# Exercise brief:
Go to the line with "闫当家陈皮山楂汁解腻开胃果汁" in the material below and copy from there through the line with "在刚刚落幕的2025年江苏省", exactly. Pictures are not copied.

# Provided records:
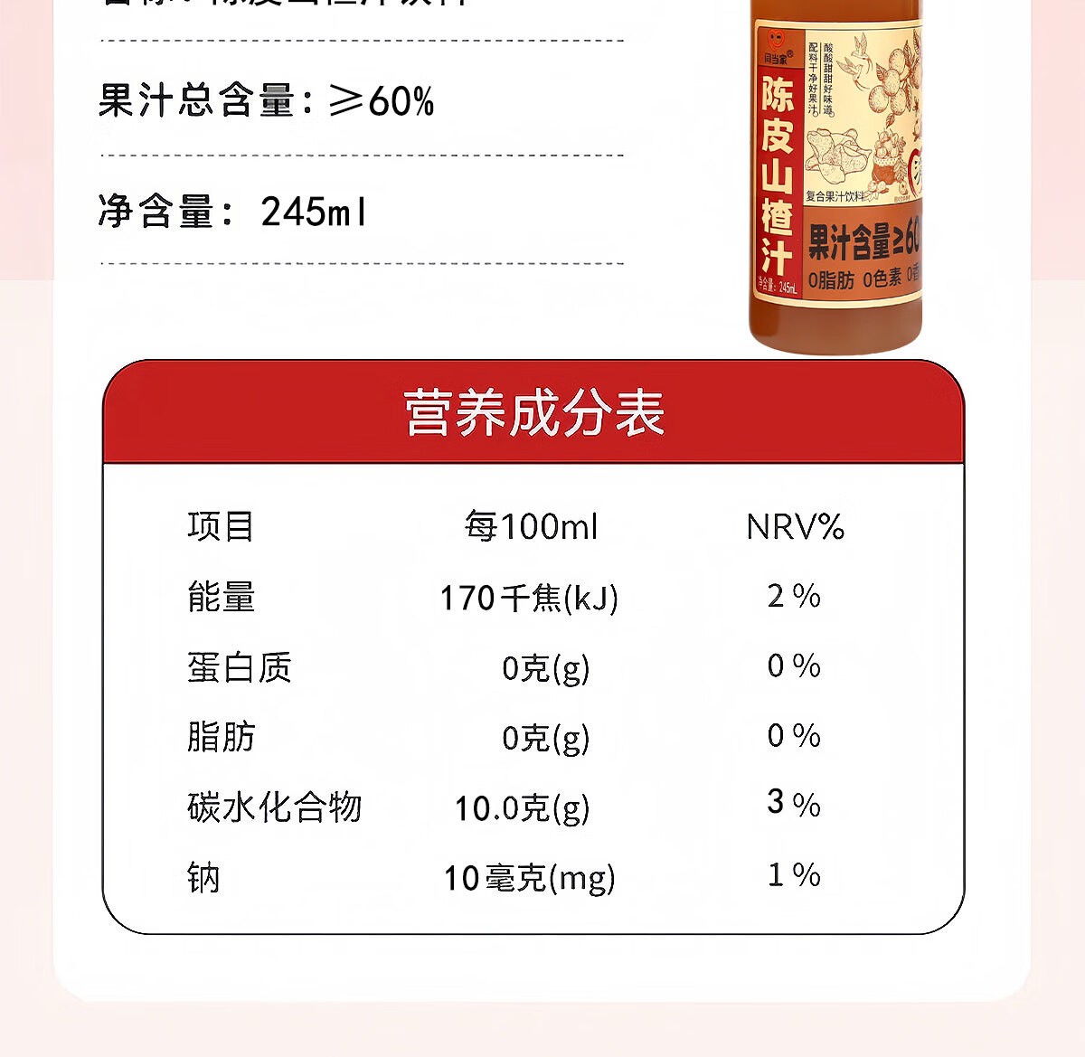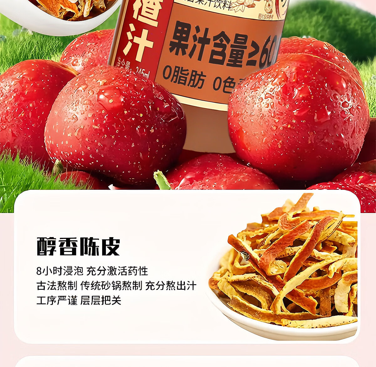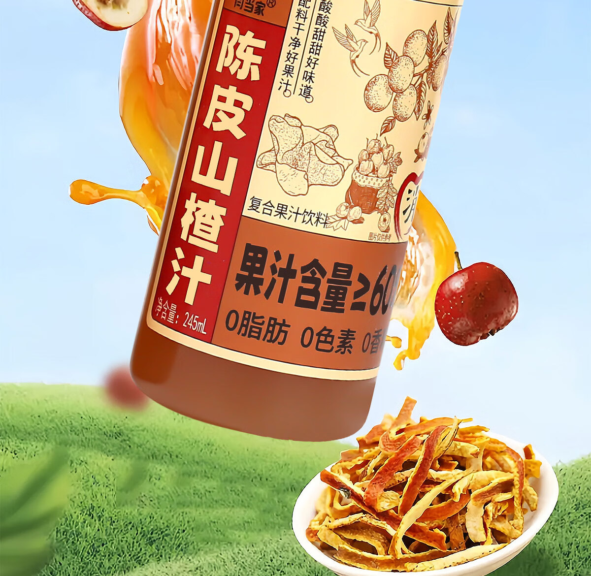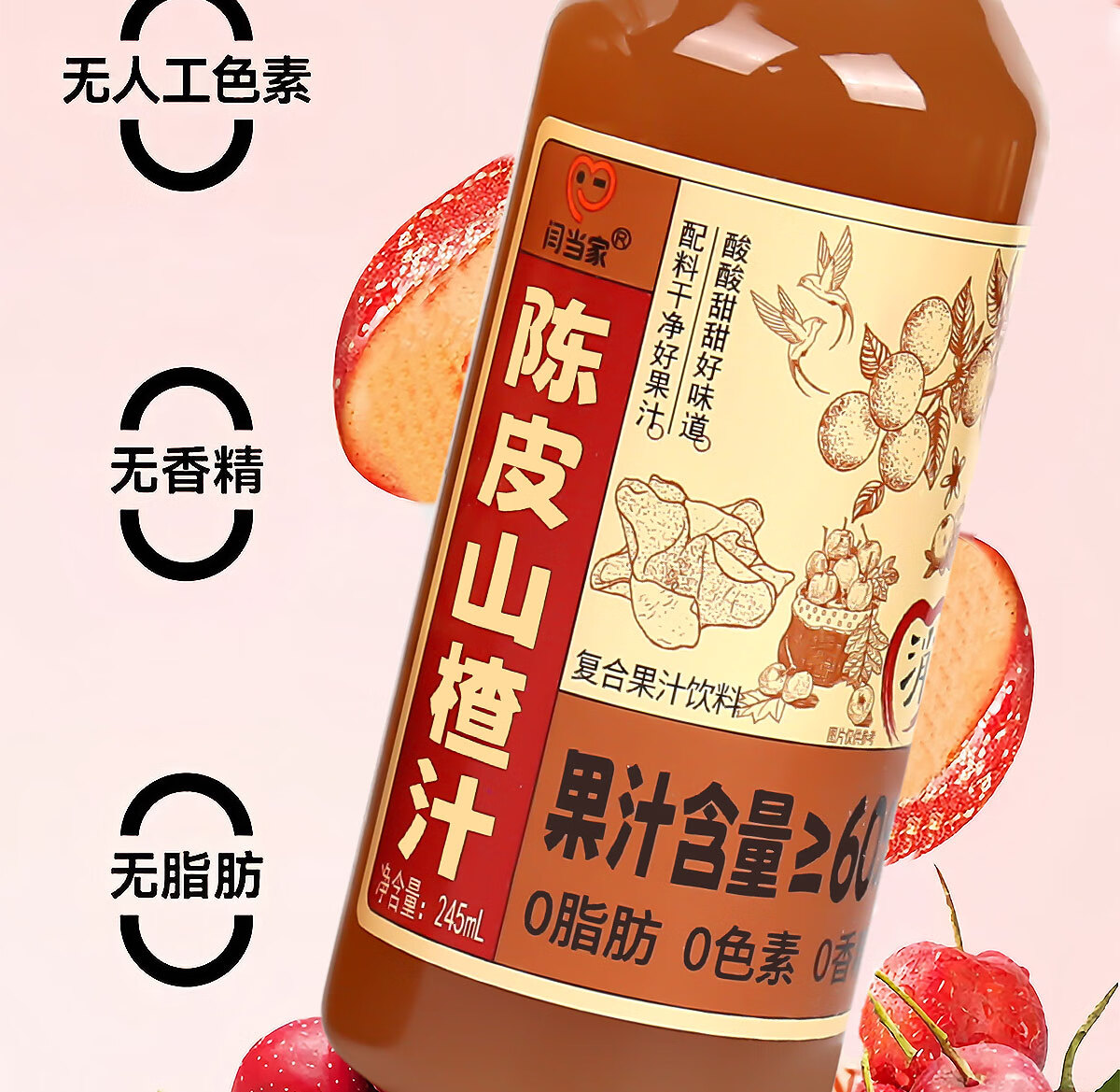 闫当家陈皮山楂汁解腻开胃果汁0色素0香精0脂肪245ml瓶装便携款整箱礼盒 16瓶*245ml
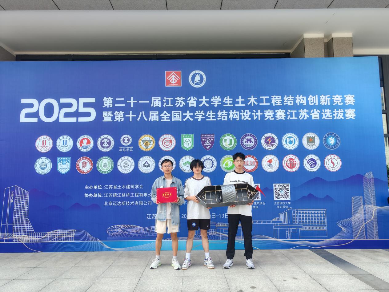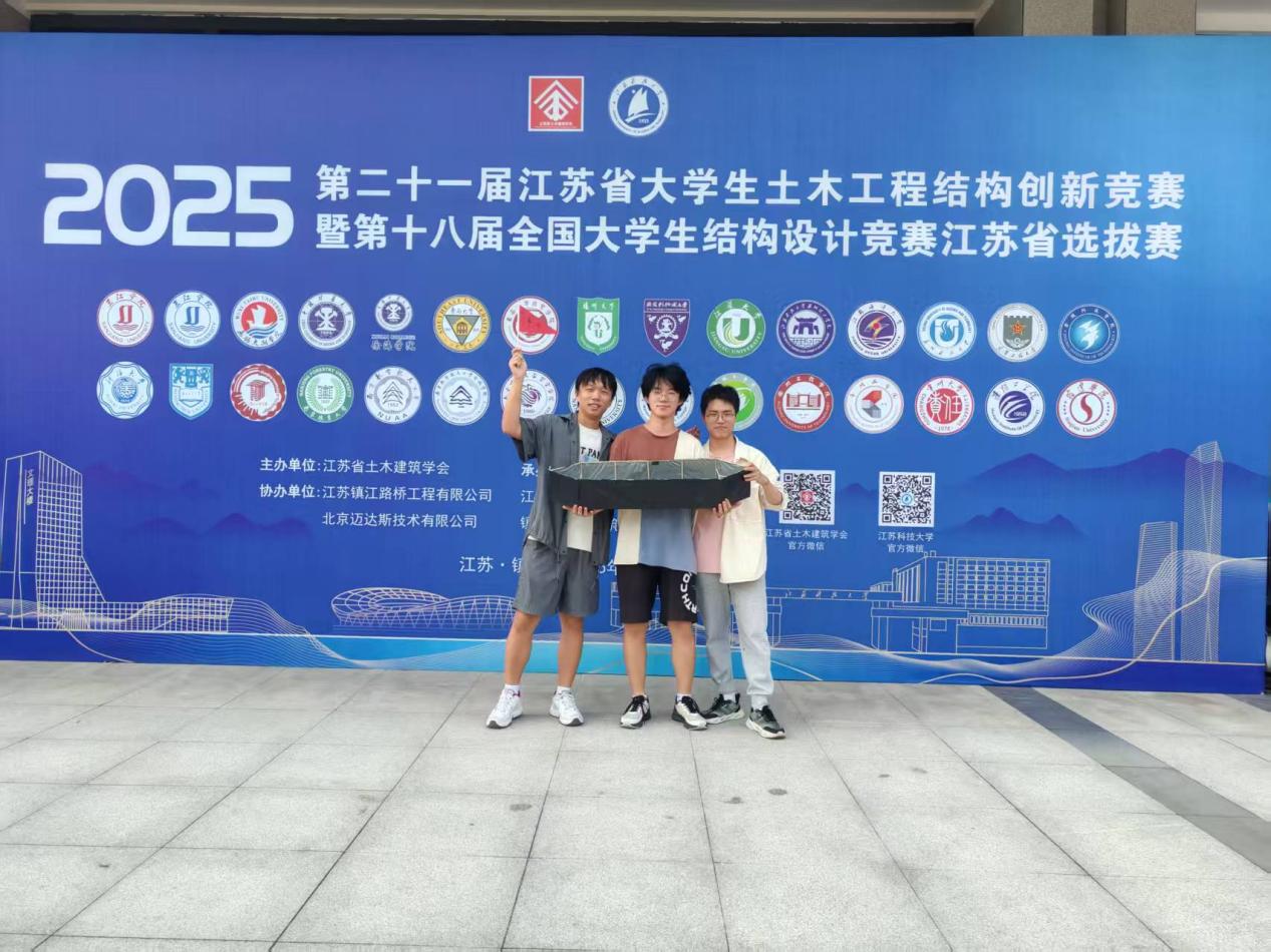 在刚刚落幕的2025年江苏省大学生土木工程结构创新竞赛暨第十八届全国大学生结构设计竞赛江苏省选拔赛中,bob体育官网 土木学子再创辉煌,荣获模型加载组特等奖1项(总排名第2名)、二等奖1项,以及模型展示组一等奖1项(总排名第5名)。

...

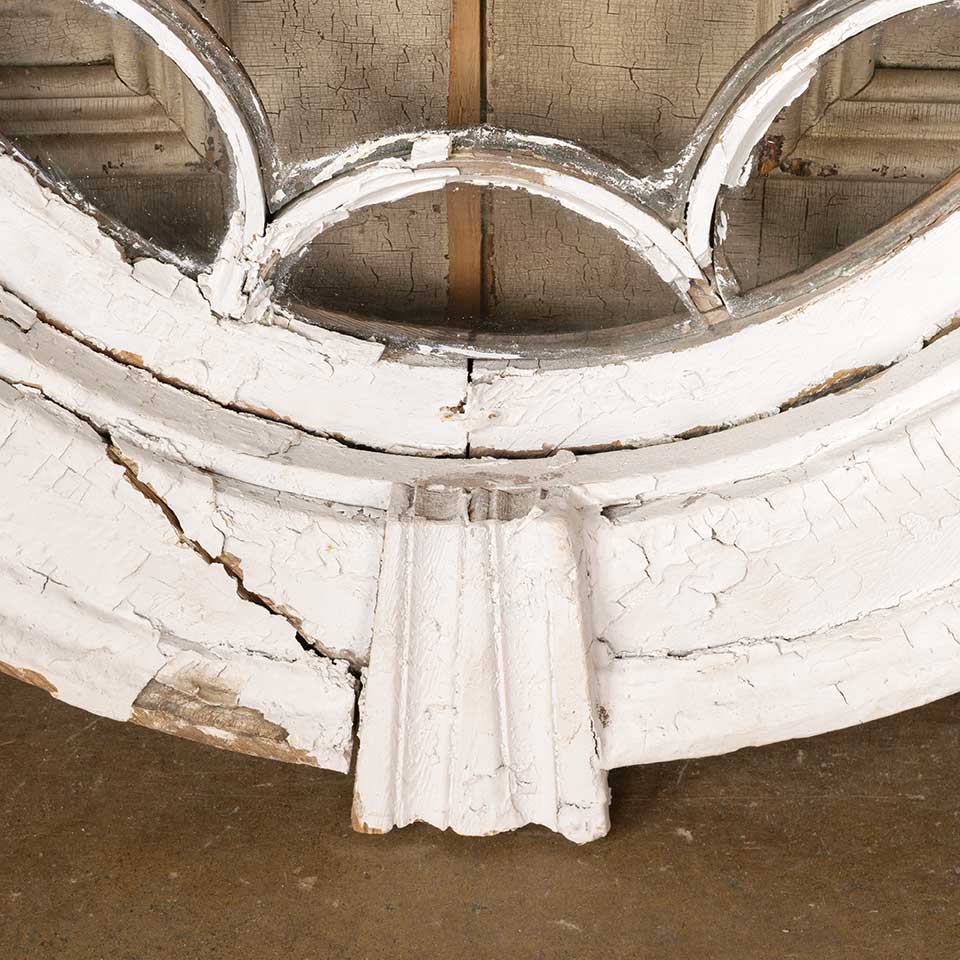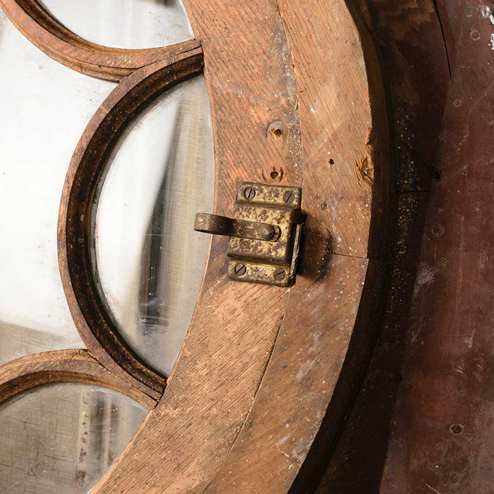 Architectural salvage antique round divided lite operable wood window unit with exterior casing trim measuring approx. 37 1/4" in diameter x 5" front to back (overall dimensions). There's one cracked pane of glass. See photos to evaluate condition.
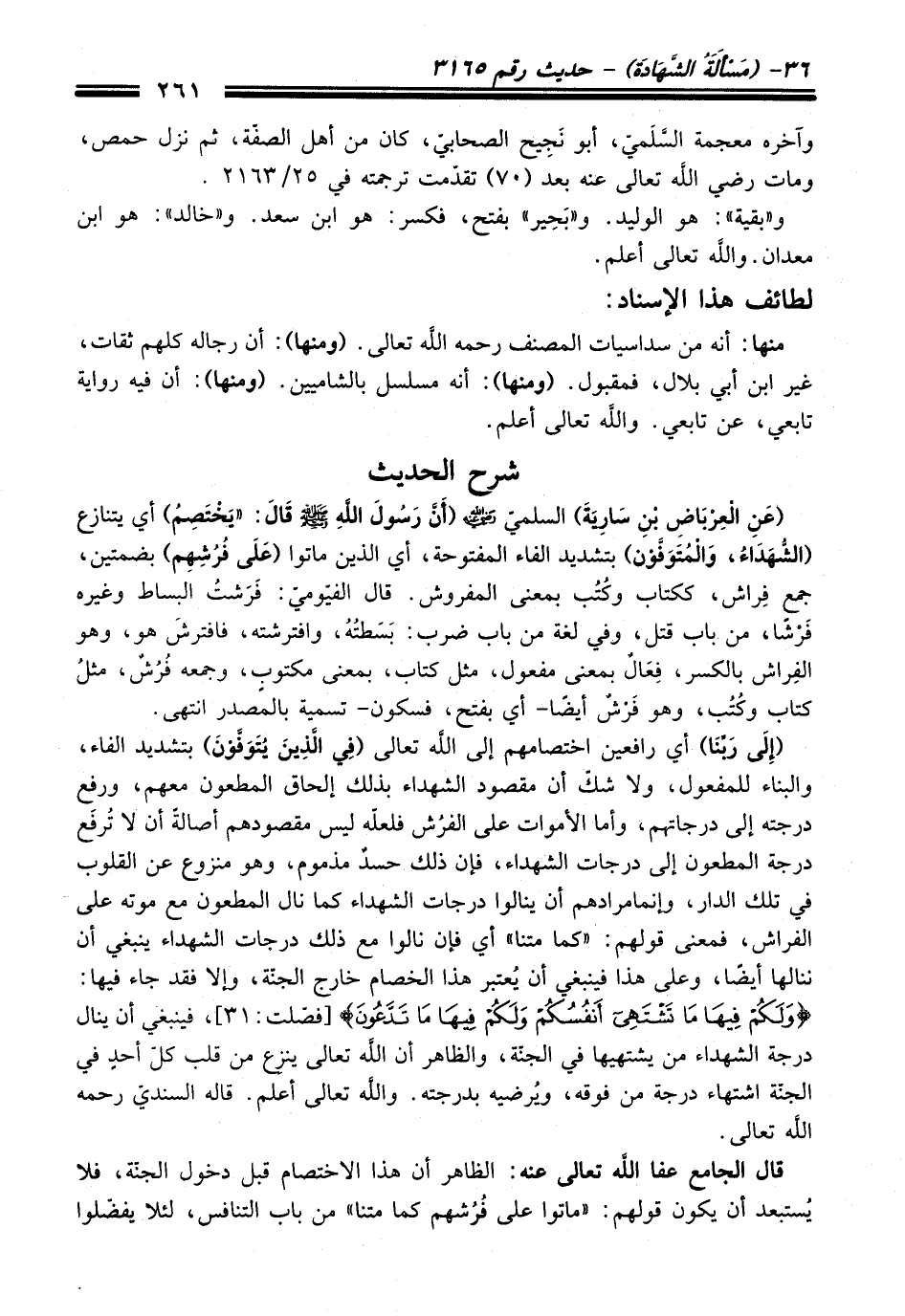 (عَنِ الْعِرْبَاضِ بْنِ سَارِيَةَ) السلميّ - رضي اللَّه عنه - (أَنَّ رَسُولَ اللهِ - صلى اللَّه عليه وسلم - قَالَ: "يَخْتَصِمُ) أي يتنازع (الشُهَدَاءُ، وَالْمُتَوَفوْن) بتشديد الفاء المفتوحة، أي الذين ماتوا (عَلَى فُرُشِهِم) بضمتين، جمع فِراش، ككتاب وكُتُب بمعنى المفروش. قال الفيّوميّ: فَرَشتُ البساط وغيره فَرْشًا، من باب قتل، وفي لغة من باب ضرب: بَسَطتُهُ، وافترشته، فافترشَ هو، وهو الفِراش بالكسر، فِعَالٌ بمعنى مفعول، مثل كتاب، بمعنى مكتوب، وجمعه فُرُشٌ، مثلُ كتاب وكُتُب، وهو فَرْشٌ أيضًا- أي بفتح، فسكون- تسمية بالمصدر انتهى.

* * *

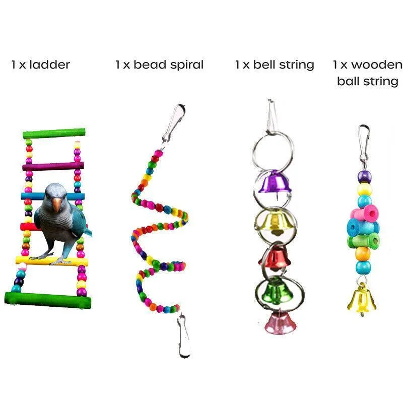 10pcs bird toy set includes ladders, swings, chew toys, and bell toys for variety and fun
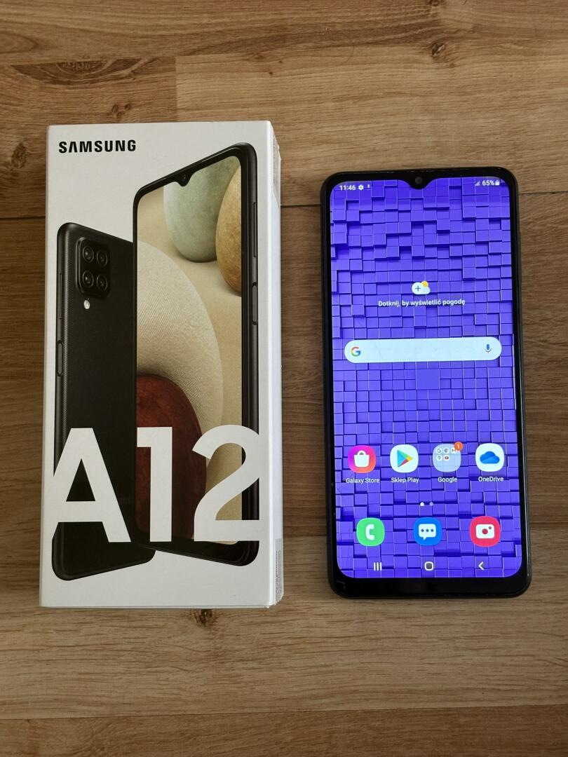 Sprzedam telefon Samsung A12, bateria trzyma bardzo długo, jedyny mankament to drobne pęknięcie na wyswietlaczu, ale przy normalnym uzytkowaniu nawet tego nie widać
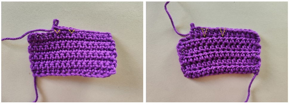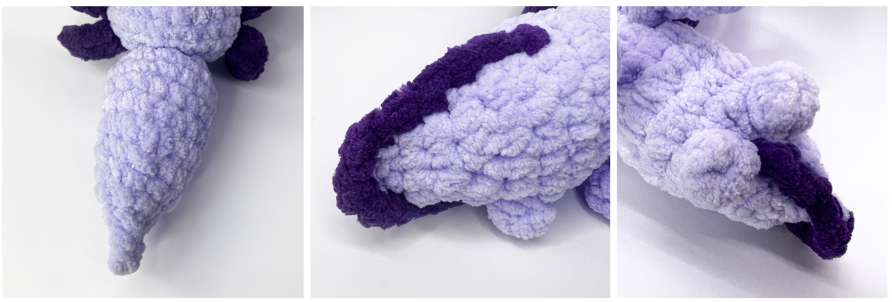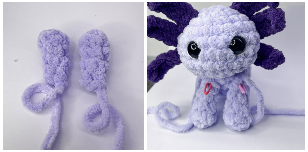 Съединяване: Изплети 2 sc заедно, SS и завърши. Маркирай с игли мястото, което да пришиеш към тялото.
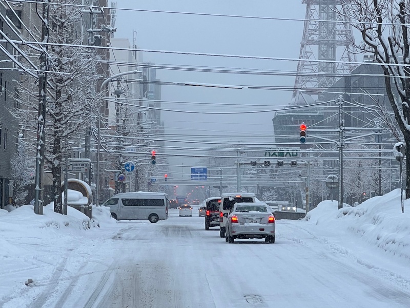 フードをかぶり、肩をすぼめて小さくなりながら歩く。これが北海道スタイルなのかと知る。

# Expected answer:
 闫当家陈皮山楂汁解腻开胃果汁0色素0香精0脂肪245ml瓶装便携款整箱礼盒 16瓶*245ml
 在刚刚落幕的2025年江苏省大学生土木工程结构创新竞赛暨第十八届全国大学生结构设计竞赛江苏省选拔赛中,bob体育官网 土木学子再创辉煌,荣获模型加载组特等奖1项(总排名第2名)、二等奖1项,以及模型展示组一等奖1项(总排名第5名)。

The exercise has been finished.